Message Publié : 25 Août 2019, 07:43
par Gayraud de Mazars
Salut camarades,

Pour sourire un peu...

Test de l’été : es-tu un.e bourgeois.e ?
25 août 2019, La Riposte

https://www.lariposte.org/2019/08/test- ... urgeois-e/

C’est l’été, l’heure de fêter les congés payés, étendu.e sur une plage en lisant son magazine préféré et son lot de numéros spéciaux avec des quizz en tout genre. La Riposte, à qui l’on reproche bien souvent d’aller à contre courant, prend ces critiques à coeur et t’offre, pour ton plus grand bonheur, son grand test de personnalité de l’été(*) : madame, monsieur, camarade, es tu un.e grand.e bourgeois.e ?

Capital économique

– Possède-tu un portefeuille de valeurs mobilières ?

– Dispose-tu au moins d’une personne à temps plein pour vos besoins domestiques ?

– En plus de ta résidence principale, dispose-tu d’au moins deux autres résidences ?

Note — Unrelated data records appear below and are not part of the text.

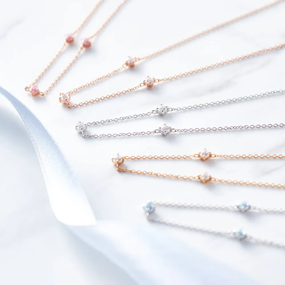 3石のキュービックジルコニアが寄り添うブレスレット。 シンプルながらも個性が光るデザインは、さり気なく普段のコーディネートにアクセントを添えてくれます。 ピンクゴールドコーティングの優しい色合いも魅力的で、日常使いしやすいカラーです。
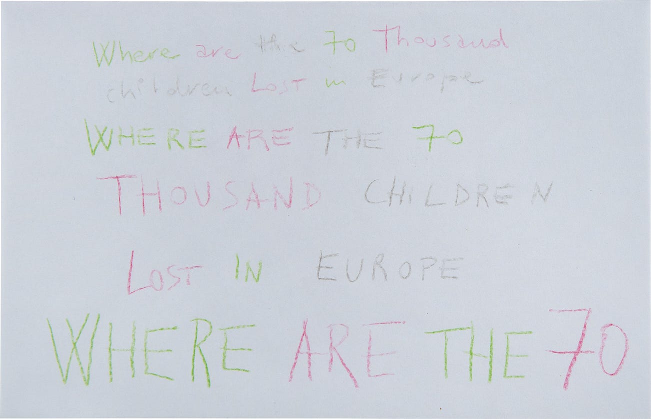 inscribed 'Where are the 70 thousand children Lost in Europe WHERE ARE THE 70 THOUSAND CHILDREN LOST IN EUROPE WHERE ARE THE 70' to the centre; further signed and dated 'Paola Pivi 2/19/19' on the reverse
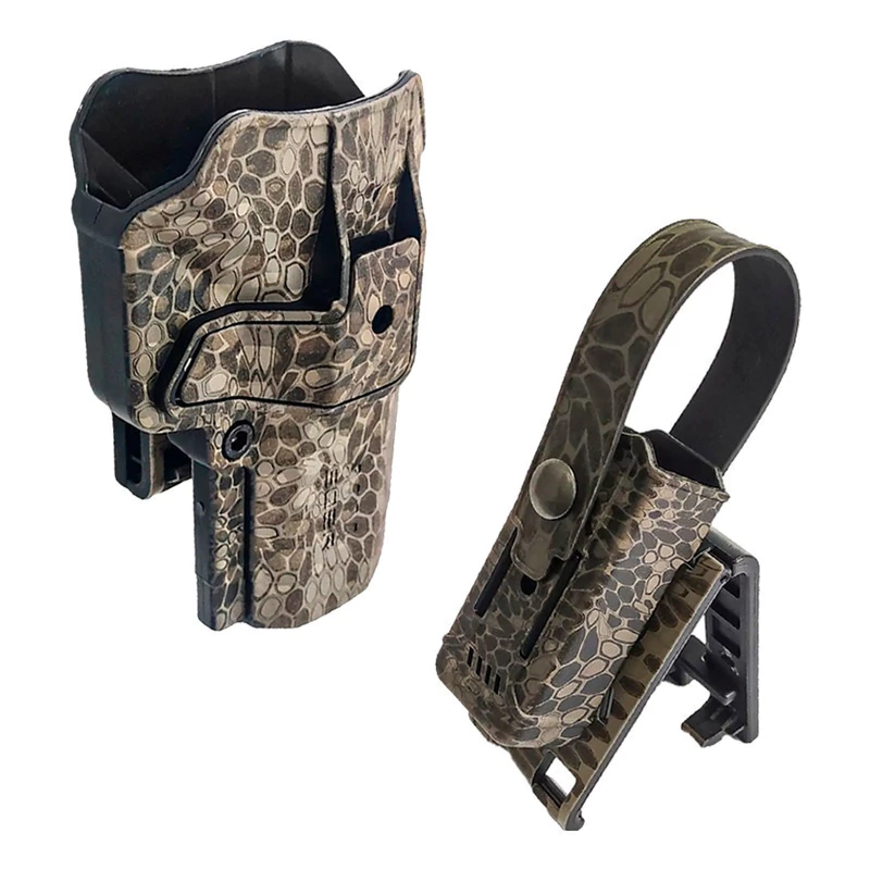 El sistema de retención nivel 2 proporciona una sujeción segura, evitando que el arma se salga accidentalmente. Además, cuenta con un porta cargador adicional para tener tus cargadores de repuesto al alcance de la mano.
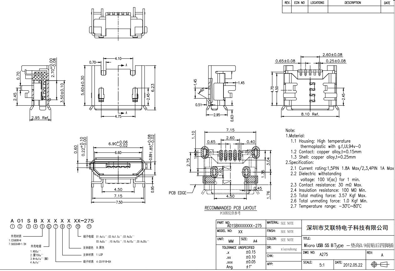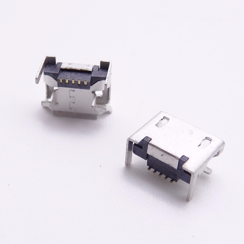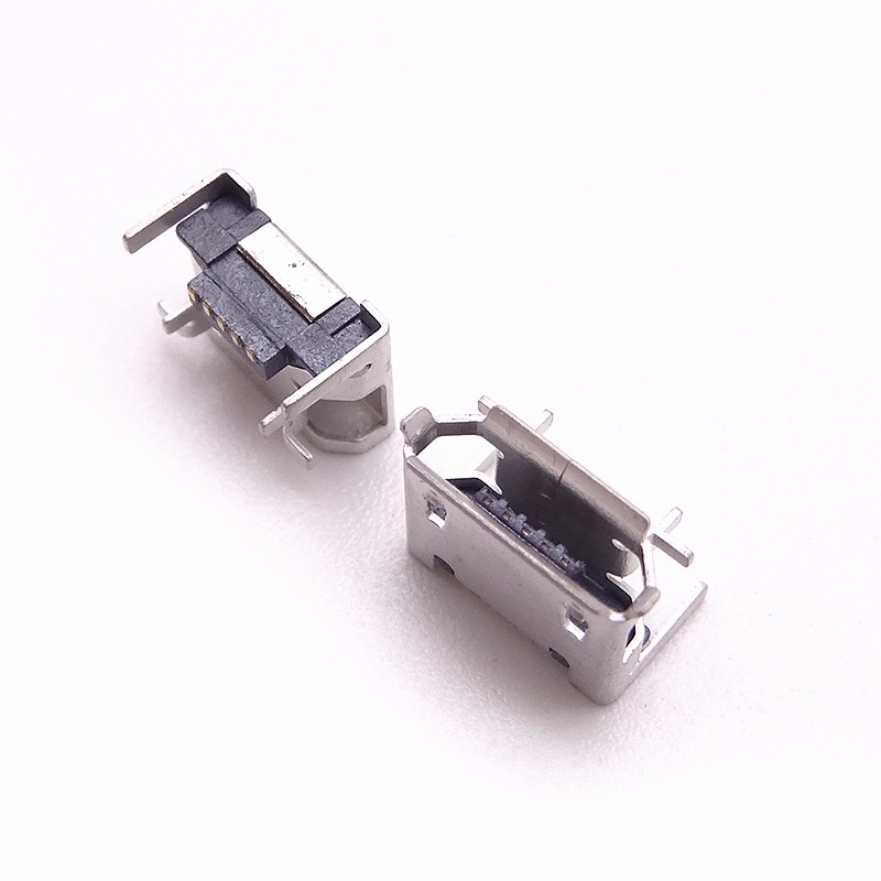 MICRO USB 5P母座 墊高0.9 前貼后四腳插板 卷邊直邊
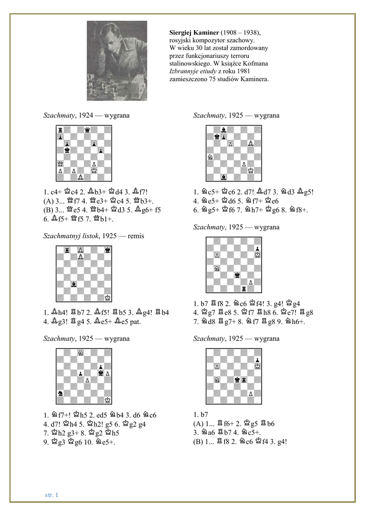 Siergiej Kaminer (1908 – 1938), rosyjski kompozytor szachowy. W wieku 30 lat został zamordowany przez funkcjonariuszy terroru stalinowskiego. W książce Kofmana Izbrannyje etiudy z roku 1981 zamieszczono 75 studiów Kaminera. Szachmaty, 1924 — wygrana Szachmaty, 1925 — wygrana )........*! !0u, ,x, ,]! 0P , , , ]! !0 P , P ,]! 0,m, , P ]! !0 , , , ,]! 0R , ,q, ]! !0q,q, L ,]! 0, ,c, , ]! !\````````^! )........*! !0 ,o, , ,]! 0,mP , , ]! !0 , Q ,c,]! 0, , , , ]! !0i, , , ,]! 0, , ,q, ]! !0 , , ,l,]! 0, O , , ]! !\````````^! 1. c4+ lc4 2. cb3+ ld4 3. cf7! (A) 3... rf7 4. re3+ lc4 5. rb3+. (B) 3... re5 4. rb4+ ld3 5. cg6+ f5 6. cf5+ rf5 7. rb1+. 1. ic5+ lc6 2. d7! cd7 3. id3 cg5! 4. ie5+ ld6 5. if7+ le6 6. ig5+ lf6 7. ih7+ lg6 8. if8+. Szachmaty, 1925 — wygrana Szachmatnyj listok, 1925 — remis )........*! !0 U C , M]! 0, ,c, , ]! !0 , , , ,]! 0, , , , ]! !0 , , , ,]! 0, O , , ]! !0 , , , ,]! 0, , , ,l]! !\````````^! )........*! !0 , , , ,]! 0, , , ,p]! !0 Q , , L]! 0, , , , ]! !0 I , , ,]! 0, , M , ]! !0 , , ,q,]! 0, , ,u, ]! !\````````^! 1. ch4! sb7 2. cf5! sb5 3. cg4! sb4 4. cg3! sg4 5. ce5+ ce5 pat. 1. b7 sf8 2. ic6 lf4! 3. g4! lg4 4. lg7 se8 5. lf7 sh8 6. le7! sg8 7. id8 sg7+ 8. if7 sg8 9. ih6+. Szachmaty, 1925 — wygrana Szachmaty, 1925 — wygrana )........*! !0 , I , ,]! 0, , , , ]! !0 , , ,p,]! 0, ,p, Mq]! !0 , ,q, ,]! 0, , , , ]! !0k, , , ,]! 0, , , ,l]! !\````````^! )........*! !0 , , , ,]! 0, , , ,p]! !0 Q , , L]! 0, , , , ]! !0 I ,mU ,]! 0, , , , ]! !0 , , ,q,]! 0, , , , ]! !\````````^! 1. if7+! lh5 2. ed5 ib4 3. d6 ic6 4. d7! lh4 5. lh2! g5 6. lg2 g4 7. lh2 g3+ 8. lg2 lh5 9. lg3 lg6 10. ie5+. str. 1 1. b7 (A) 1... sf6+ 2. lg5 sb6 3. ia6 sb7 4. ic5+. (B) 1... sf8 2. ic6 lf4 3. g4! Szachmaty, 1925 — wygrana )........*! !0 I , , ,]! 0, , , ,p]! !0 Qp, , L]! 0, ,u,o,s]! !0 , , , ,]! 0, , ,mQ ]! !0 , , , ,]! 0, , , , ]! !\````````^! 1. b7 sb5 2. sf5+ sf5 3. ic6 sf8 4. g4! lg4 5. lg7 se8 6. lf7 sh8 7. le7 sg8 8. id8 sg7+ 9. if7 sg8 10. ih6+. Szachmaty, 1925 — wygrana )........*! !0 ,x, , ,]! 0, , , , ]! !0 , , ,p,]! 0C , , ,p]! !0 , , , M]! 0, , , ,q]! !0s, , ,qL]! 0, , , , ]! !\````````^! 1. sc2 (A) 1... rc2 2. cd8+ g5 3. ca5 re2 4. cc7 rf2 5. cd6 rf4+ 6. g3+ rg3+ 7. cg3x. (B) 1... rf8 2. sc4+ lg5 3. cd2+ lf6 4. sf4+. (B) 3... cc4 4. sa4. (C) 3... cf1 4. sa1 ch3 5. lg3 cg4 6. f4+ lh5 7. sh1+. Szachmatnyj listok, 1926 — wygrana )........*! !0 , , , ,]! 0Mp, , , ]! !0 , ,pP ,]! 0, , ,q, ]! !0 , ,q, P]! 0, , , , ]! !0 , S ,lQ]! 0,u, , , ]! !\````````^! 1. e5 ef5! 2. ef6 sb6 3. f7 sf6 4. sd7 f4 5. lf3 h3 6. se7! sf5 7. sc7 sf6 8. sd7! sf5 9. le4 sf6 10. le5. Szachmaty, 1926 — wygrana )........*! !0u, ,m, ,]! 0P , , Pp]! !0 , , P ,]! 0,l, K , ]! !0q, , Qi,]! 0, , , , ]! !0 S , ,q,]! 0, , , , ]! !\````````^! 1. se2 sb8+ 2. la5 sb2 3. se4!* sg2 4. ie3 se2 5. fe5 f5 6. if5. *3. se1? sg2 4. ie3 ic6+ 5. lb5 se2. Szachmaty, 1926 — wygrana )........*! !0 , , , ,]! 0, , ,m, ]! !0 , , , ,]! 0, Cs, , ]! !0o, , , ,]! 0, , , , ]! !0 Q ,p,lP]! 0,k, , , ]! !\````````^! 1. se5 id2! 2. se2 h1r+ 3. lh1 ie4! 4. cf2 cd1 5. se1 if2+ 6. lg2 id3 7. sd1 ib2 8. sd4. Szachmatnyj listok, 1926 — wygrana )........*! !0 ,o, , ,]! 0, ,p, , ]! !0 , ,p, ,]! 0, , , ,m]! !0 O ,q, ,]! 0, , ,l, ]! !0 ,q, Q ,]! 0, ,s, , ]! !\````````^! 1. sh1+ lg5 2. sh8 ca6 3. sa8 (A) 3... cb7 4. sb8. str. 2 Szachmaty, 1926 — wygrana )........*! !0 ,i,m, ,]! 0,p,p, ,p]! !0 , O , ,]! 0, , P , ]! !0 , , , ,]! 0P ,xQ , ]! !0q, Q , ,]! 0, , L ,r]! !\````````^! 1. re4! ra6 2. rb7 rd3 3. re4 ra6 4. rc4 (A) 4... rc4 5. id6+. (B) 4... rc6 5. rc6. Szachmatnyj listok, 1926 — wygrana Berliner Tageblatt, 1927 — wygrana )........*! !0 , X , ,]! 0P P , , ]! !0 , U , ,]! 0, I Kp,p]! !0rC , , M]! 0, ,q, , ]! !0 , , QlQ]! 0, , , , ]! !\````````^! )........*! !0 , , , ,]! 0, , , , ]! !0 , , , ,]! 0, , , , ]! !0 S , , ,]! 0, , ,m,u]! !0o,c, , Q]! 0, , , L ]! !\````````^! 1. ce1+ (A) 1... ig4 2. f4+ if2 3. cf2+. (B) 1... sd4 2. f4+ lg4 3. rd1+. (C) 1... lg5 2. ie6+ se6 3. rh4+! lh4 4. f4+ lg4 5. h3+ lf4 6. cd2x. Szachmatnyj listok, 1926 — wygrana )........*! !0 , X , ,]! 0P P , , ]! !0 , Up, ,]! 0, I Kp,p]! !0rC , , M]! 0, ,q, , ]! !0 , , QlQ]! 0, , , , ]! !\````````^! 1. ce1+ lg5 2. ie6+! se6 3. rh4+! lh4 4. f4+ lg4 5. h3+ lf4 6. cd2x. Szachmatnyj listok, 1926 — remis )........*! !0 , , , ,]! 0Mp, , , ]! !0 , , O ,]! 0, , , Kp]! !0q, , L ,]! 0, , , C ]! !0 , , ,q,]! 0, , , , ]! !\````````^! 1. lf5 cd8 2. cf4 ih7 3. lg6 if8+ 4. lf7 id7 5. le8 ic5 6. ce3 cb6 7. a5 (A) 7... ca5 8. cc5+. (B) 7... la6 8. ab6 lb6 9. lf7. Zadaczi i etiudy, 1927 — wygrana )........*! !0 , , , ,]! 0, , , ,p]! !0 , , ,q,]! 0, , , Q ]! !0 , , Um,]! 0,c, P , ]! !0 , , , Q]! 0, , , L ]! !\````````^! 1. cd1+ e2 2. ce2+ lg5 3. g7 (A) 3... lh6 4. g8s. (B) 3... sg4+ 4. cg4 lh6 5. g8i+! str. 3 1. cd1+ le3 2. cb3 cb1 3. ce6 sh6 4. sb1 se6 5. se1+. Krasnyj chimik, 1927 — remis )........*! !0 , , ,c,]! 0,m, ,p, ]! !0 , , ,q,]! 0Q Oq, , ]! !0l, , , ,]! 0, ,o,p, ]! !0 , , , C]! 0, , , , ]! !\````````^! 1. cg1 cg1 2. gf7 cc5 3. d6 cd6 4. f8r cf8 5. cd5+ la6 6. cc4+ cc4. Szachmatnyj listok, 1927 — remis )........*! !0 , , , ,]! 0, , , Pp]! !0 ,o, , ,]! 0, M , , ]! !0 , , ,c,]! 0S ,l, , ]! !0 , , , ,]! 0, , , ,u]! !\````````^! 1. sc3+ lb5! 2. sc6 (A) 2... sg1! 3. cf3 sg3 4. le2 sf3 5. sh6. (B) 2... sh4 3. cd7. Berliner Tageblatt, 1927 — wygrana )........*! !0 , O , ,]! 0,c, P ,m]! !0 , , ,p,]! 0,qP , , ]! !0 , , , ,]! 0,k, ,i, ]! !0 , , ,q,]! 0, , , L ]! !\````````^! 1. ig5+ lg8 2. cd5+ e6 3. ie6* cb6 4. ic7+ lf8 5. ia8 cc7 6. b6. *3. ce6+? lf8 4. cb3 cg5. Szachmaty, 1927 — wygrana Szachmaty, 1928 — wygrana )........*! !0 , ,o, ,]! 0, ,p, , ]! !0 Q M , ,]! 0, , , P ]! !0p, , , ,]! 0, , ,iQ ]! !0cQ , ,l,]! 0, O , , ]! !\````````^! )........*! !0 , , Cl,]! 0, , ,p, ]! !0 , , , ,]! 0Q , , , ]! !0 , , , ,]! 0, , ,i, ]! !0qM , , ,]! 0, ,k, ,u]! !\````````^! 1. ie5! ch5 2. lf1 cd1 3. cd5 ce3 4. ic4+ ld5 5. ie3+ lc6 6. id1. 1. a6 sh5 2. ie5 sh4 3. cb4 sh6 4. cd6
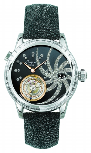 格拉苏蒂在圣诞节推出的这款腕表,每一位心中充满童真与奇幻梦想的女性而设计,满载着德国萨克森州制表大师们的浪漫以及对女性的无限宠爱。 白金表壳呈现纯净线条的高贵质感,表壳上镶嵌44颗梯形切割的钻石。黑色雕面盘上方散落开来的美钻犹如繁星,呈现童话故事般的灵气动人。
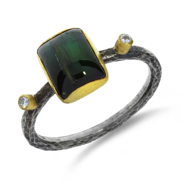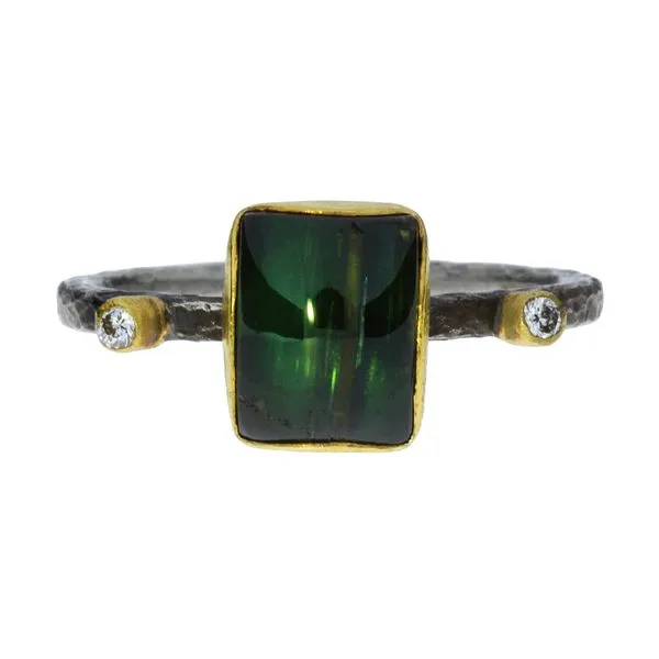 24K Yellow Gold & Sterling Cats Eye Tourmaline & Diamond Ring Image 2 Purple Creek Holly Springs, NC

– Es-tu assujetti à l’impôt de solidarité sur la fortune (ISF) ?

– Possède-tu des biens mobiliers ou immobiliers à l’étranger ?

Capital familial et social

– Connais-tu les prénoms de tes arrière-grands parents ?

– Pendant l’enfance, as-tu passé des vacances en compagnie de cousins et de cousines dans des maisons de famille ?

– Participe-tu à des dîners au moins deux fois par semaine ?

– Es-tu membre d’un cercle auquel tu aurais été présenté par des parrains ?

– As tu des membres de ta famille qui soient de nationalité étrangère ?

Capital culturel

– Es-tu un ancien élève d’une grande école ?

– Enfant, tes parents t’emmenaient-ils dans les musées de façon régulière ?

– Vas-tu au théâtre, au concert ou à l’Opéra au moins une fois par mois en moyenne ?

– Achètes-tu des œuvres d’art ou des antiquités ?

– Parles-tu au moins deux langues étrangères ?

Capital symbolique

– Es-tu dans le Bottin Mondain ?

– Des rues portent-elles le nom de membres de ta famille ?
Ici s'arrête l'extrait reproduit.